Now, let's see what happening:
$A$'s shops close first: this means that $a>b+c$. Because of the new law, company $A$ has to keep only $a/5$ shops. The $b$ and $c$ shops of companies $B$ and $C$ are unaffected.
$B$'s shops close: this means that $b>\frac{a}{5}+c$. Because of the new law, company $B$ has to keep only $b/5$ shops. The $a/5$ and $c$ shops of companies $A$ and $C$ are unaffected.
$C$'s shops close: this means that $c>\frac{a}{5}+\frac{b}{5}$. Because of the new law, company $C$ has to keep only $c/5$ shops. The $a/5$ and $b/5$ shops of companies $A$ and $B$ are unaffected.
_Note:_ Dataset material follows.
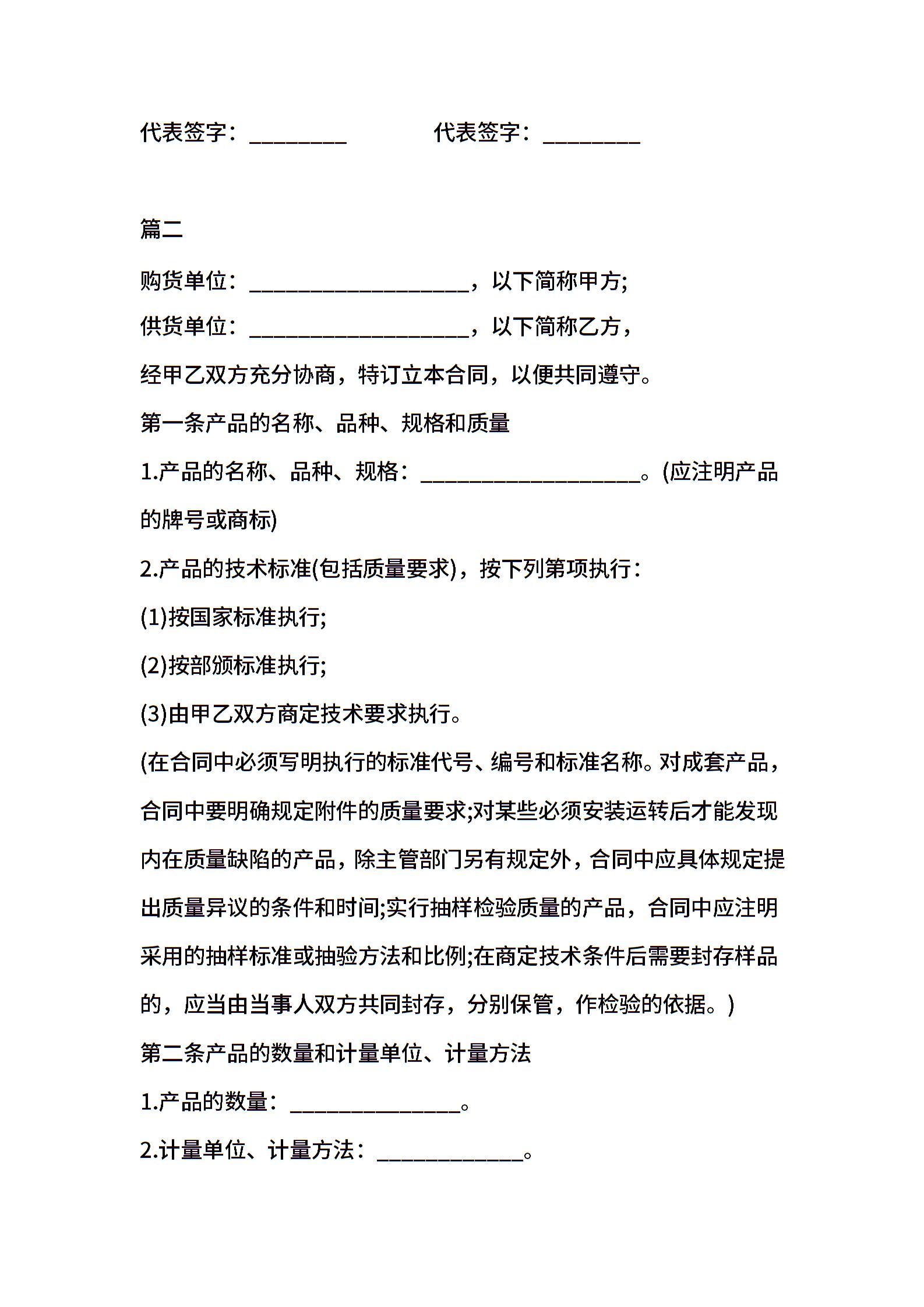 • 分类 购销合同

Therefore, $(a,b,c)$ should satisfy a system of linear inequalities
$$a>0, b>0, c>0, a-b-c>0, a-5b+5c<0, a+b-5c<0$$
You can find a solution by trial and error. For example, after reordering, the solutions by @vujazzman and @Hans work.
You can also visualize the solution set in space: since each inequality represents an open half-space, the solution set is the interior of a (possibly empty, possibly unbounded) polyhedron. Note that, if non-empty, it cannot be bounded since a multiple of a solution is also a solution.
It is not that hard to find solutions by hand. Write $c=5k$, $b=5(k+q)$ and $a=5(k+q+r)$, where $k$, $q$ and $r$ are positive integers.
The linear equations are equivalent to
$$ r>k, q+r<4k, 2q+r<3k $$
We can check for small values of $k$. For $k=1$, there is no solution. But there is one with $k=2$: $q=1$ and $r=3$. This gives $c=10$, $b=15$ and $a=30$.